Overall reproductive toxicity

Reproductive effects observed:
not specified
Treatment related:
not specified
Relation to other toxic effects:
not specified
Dose response relationship:
not specified
Relevant for humans:
not specified

Applicant's summary and conclusion

Conclusions:
The no observed adverse effect level (NOAEL) was considered to be 1000mg/kg bw/day for reproductive and developmental toxicity .When female rats were treated with test material by orally during gestation days 6-15.
Executive summary:

The reproductive and developmental toxicity study of test material was performed in female COBS CD rats. The test material was dissolved in corn oil and administered in dose concentration 0,200,1000mg/kg bw by oral gavage route from days 6-15 of gestation. 25 females /dose group were used in study.
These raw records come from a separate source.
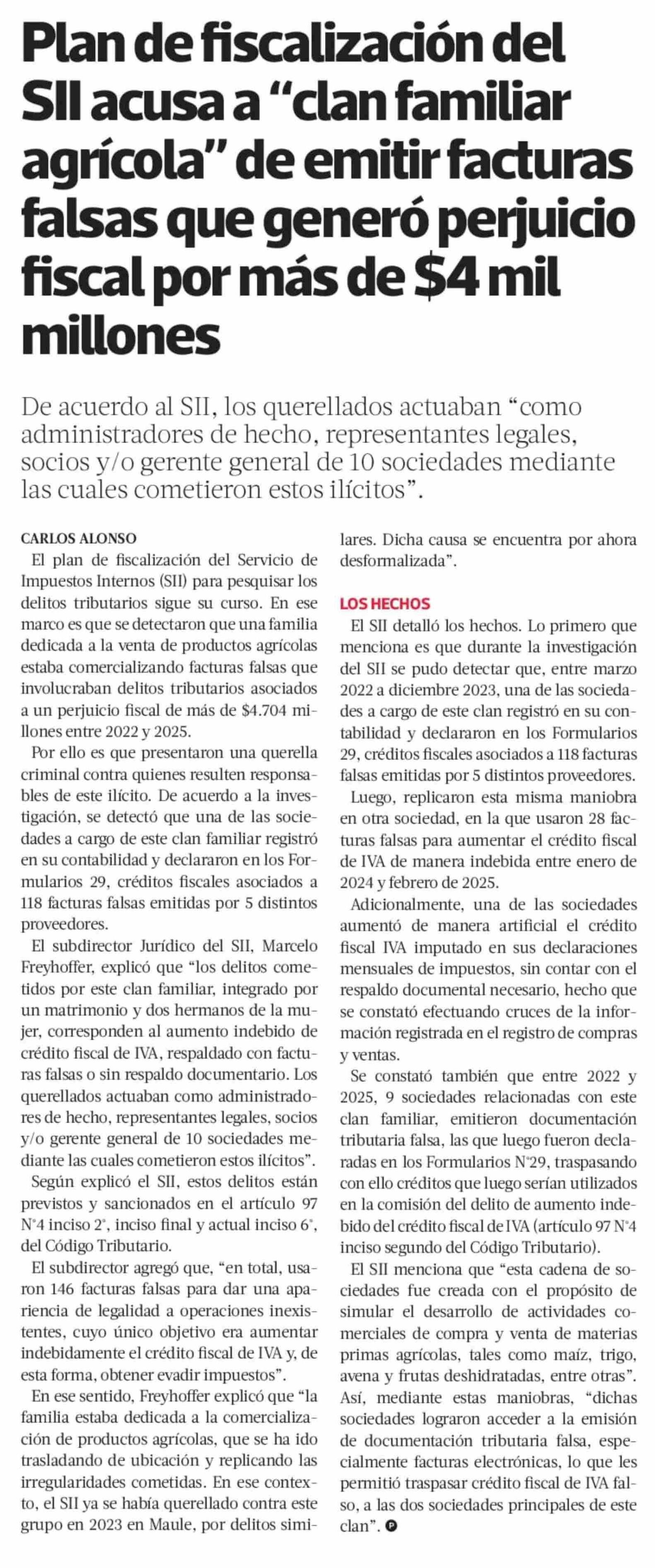 Plan de fiscalización del SII acusa a "clan familiar agrícola" de emitir facturas falsas que generó perjuicio fiscal por más de $4 mil millones 16-01-2026 La Tercera |
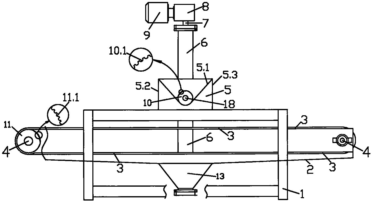本实用新型公开了一种油炸麻花面包生坯粘糠装置,包括机架,机架上面中间位置设置有糠斗,糠斗内设置有导糠板,导糠板上端与糠斗左右侧板上端固接、前后端与糠斗前后侧板固接、下端滚动摩擦连接排糠辊,排糠辊外圆面设置排糠槽,排糠辊固接排糠轴,排糠轴与糠斗的前、后侧板转动连接,排糠轴与排糠减速箱传动连接,排糠减速箱与排糠电动机传动连接;糠斗下方的机架的两端转动连接传动轴,传动轴上固接传动辊,两个传动辊之间撑紧传动连接乙字型输送带,传动辊外圆面设置有与乙字型输送带相匹配的传动槽,一根传动轴与传动减速箱传动连接,传动减速箱与传动电动机传动连接。其结构简单,劳动强度小,生产效率高。
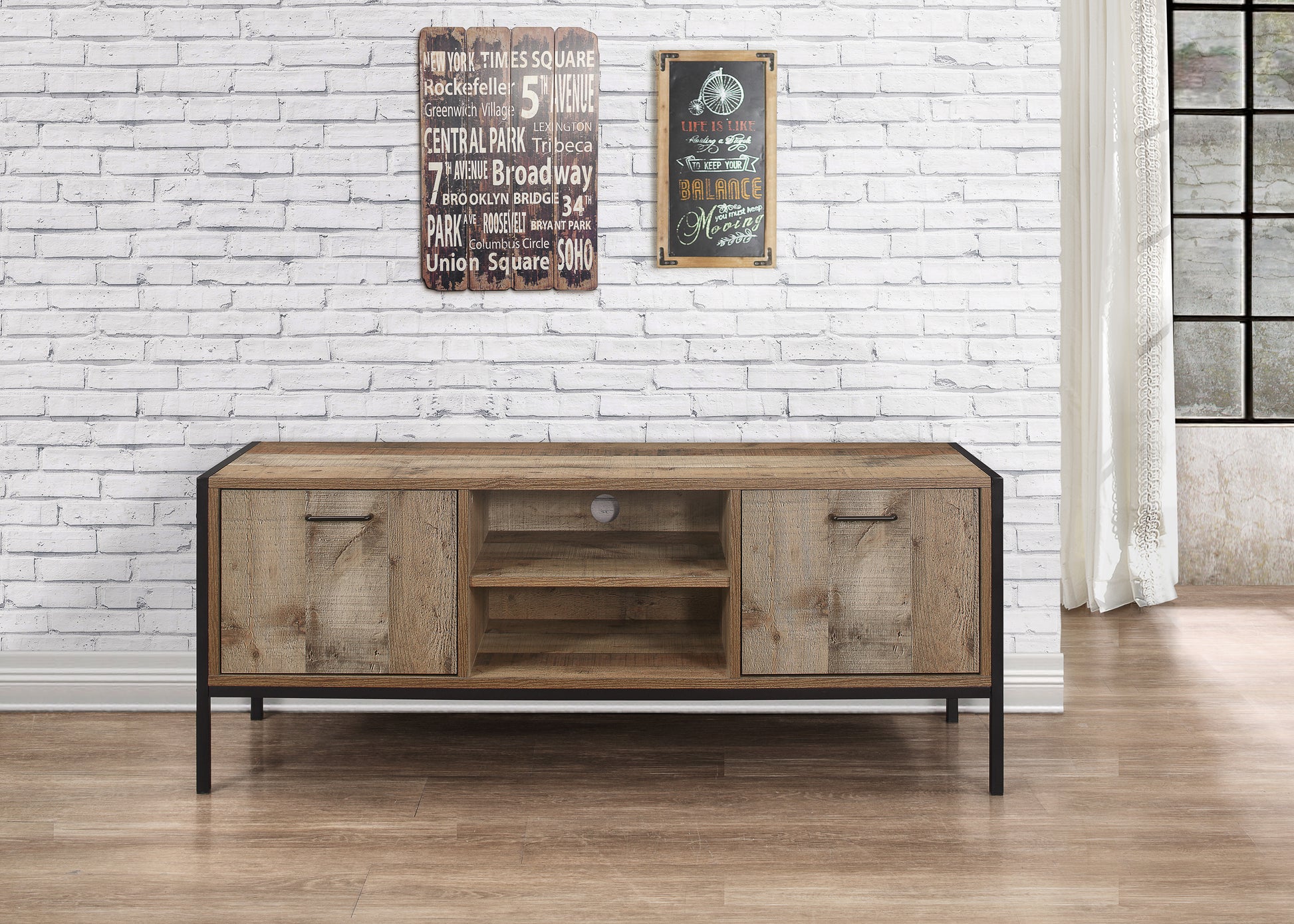 Our Urban range is perfect for adding a hint of industrial chic to any living room. The Urban TV Cabinet features 2 doors making it ideal for storing DVD€™s plus an open compartment for electronic devices. This versatile range is crafted from a metal frame with industrial-effect detail and has a wood-effect finish. Please note the maximum TV weight to be used is 40kg. The maximum recommended size of TV to be used is 48€³. Care instructions: Wipe carefully with a soft, dry cloth.

All the animals were observed forClinical signs, body weight and food consumoption.The dams were sacrificed and sectioned on gestation day 20. Intrauterine survival, foetal weight and external, skeletal and visceral anomalies were recorded. In dams clinical signs of intoxication were observed also reduced body weight was observed at 1000mg/kg bw dose group. Effects on the foetus were confined to an increase in numbers of litters with the skeletal variant 'malaligned sternebrae' which occurred at 200 mg/kg/day only and a slight decrease in foetal weight at 1000 mg/kg/day which was within the historical control range. As an increased incidence of 'malaligned sternebrae' was not observed at 1000 mg/kg/day the observation at 200 mg/kg/day was considered incidental. Hence the no observed adverse effect level (NOAEL) was considered to be 1000mg/kg bw/day for reproductive and developmental toxicity .When female rats were treated with test material by orally during gestation days 6-15.